Our model suggests 2 major processes. First, trait-specific genetic effects have moderate impacts on emotional and social well-being. Second, relatively substantial environmental influences unique to those 2 forms of well-being also have an impact on individuals. Quite likely, such genetic and environmental influences act over developmental time and involve effects of gene–environment correlations. For example, individuals with a strong genetic propensity for high levels of social well-being may create for themselves positive social environments that feed back, sustaining and further increasing their sense of social well-being. Future research should seek to identify individual traits and qualities associated with the genetic propensity for social well-being (e.g., compassion, altruism, and extraversion) that lead to the creation of positive social environments. In turn, future research should seek to identify the environmental qualities (e.g., trust, cooperation, and openness) that are conducive to well-being and that use this knowledge to promote the well-being of those with a lower innate propensity for well-being.

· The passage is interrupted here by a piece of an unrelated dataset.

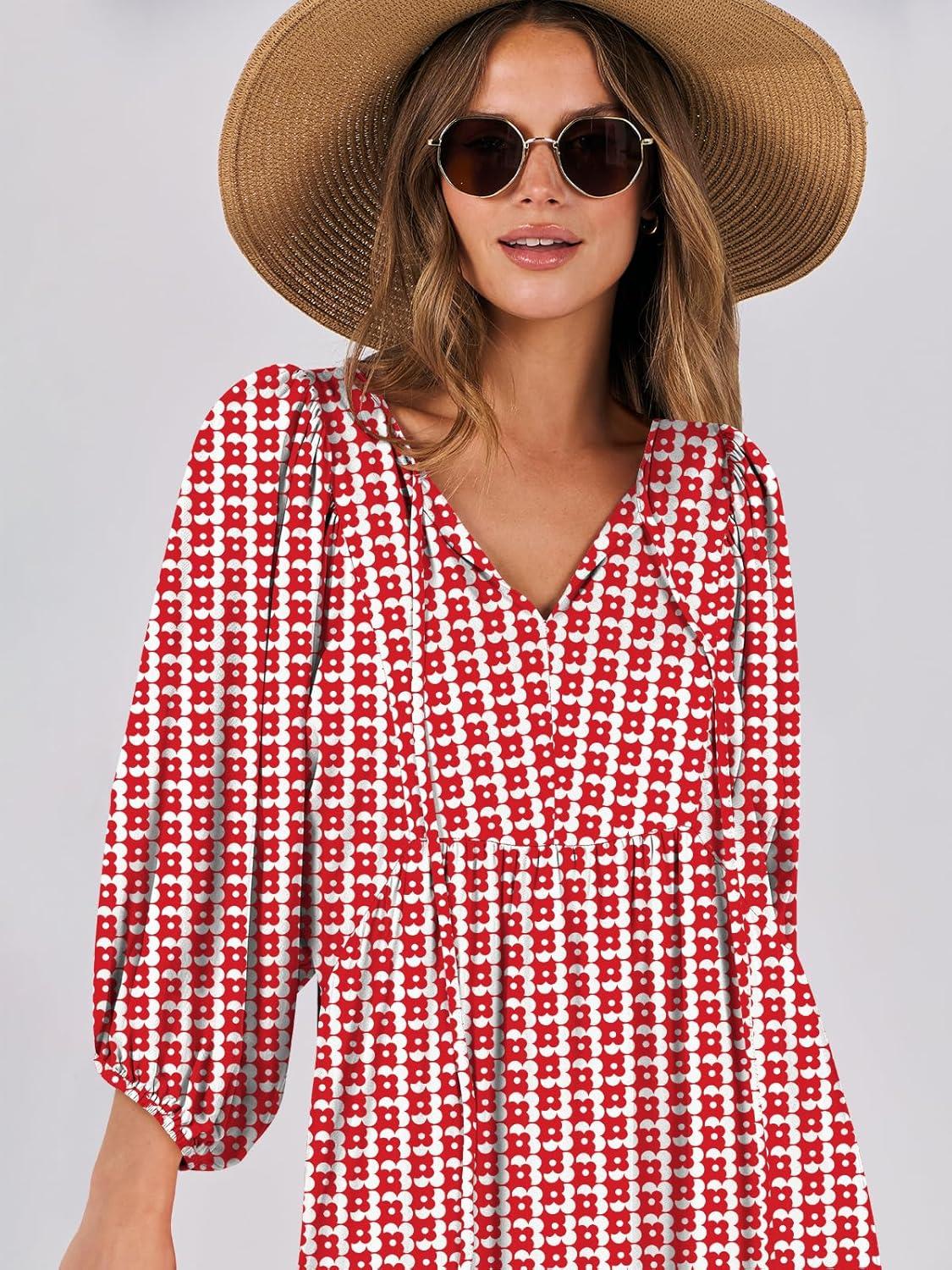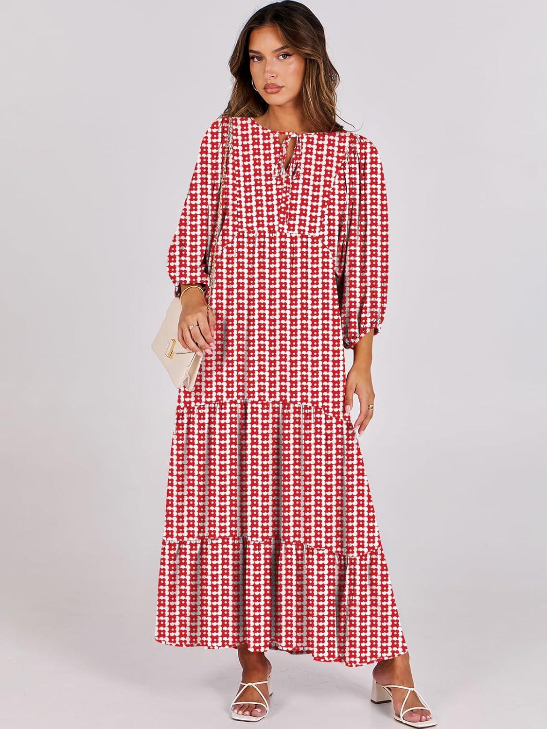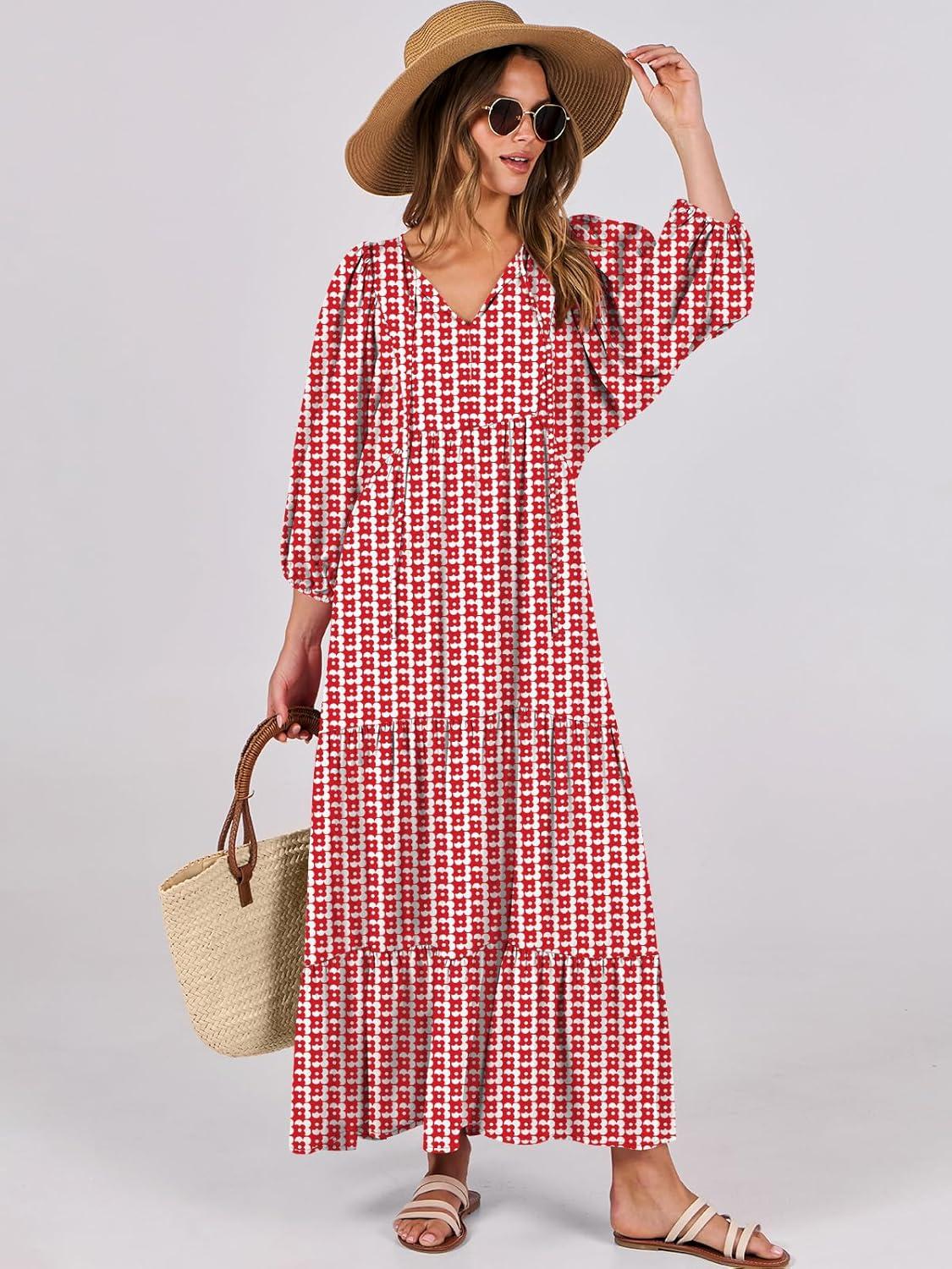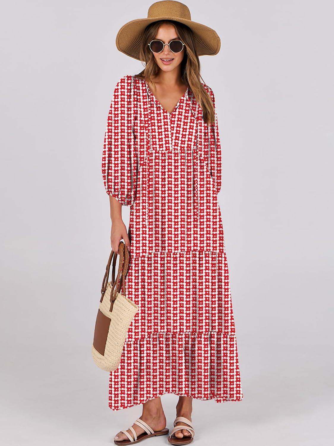 ANRABESS Womens Boho Maxi Dresses 2025 Summer V Neck Puff Sleeve Floral Flowy Swing Fall Casual Long Dress(Red Floral)

An important further research question is the degree to which genetic and environmental influences on well-being involve gene-by-environment interactions. For example, might a high genetic propensity for social or emotional well-being buffer the pathogenic effects of adverse environments (e.g., familial neglect) or exposure to high levels of stress and trauma? Conversely, might a low genetic predisposition to social and emotional well-being make individuals vulnerable to develop psychopathology in the face of mildly pathogenic or stressful environments? Understanding of how the genetic propensities to, and environmental influences on, mental well-being interrelate with each other and over developmental time can lead us to knowledge about how to create more mentally healthy environments and how to develop preventive efforts through promotion of protective aspects of well-being.

Acknowledgments

This research was supported by a grant from the National Institute on Aging (P01-AG020166) to conduct a longitudinal follow-up of the Midlife in the United States (MIDUS) investigation. The original MIDUS study was supported by the John D. and Catherine T. MacArthur Foundation Research Network on Successful Midlife Development.

Human Participant Protection

The MIDUS survey complied with institutional review board standards of the University of Wisconsin and of the Harvard Medical School, and interviewers read to the interviewees a standard informed consent protocol at the beginning of the telephone interview, which preceded the self-administered questionnaires.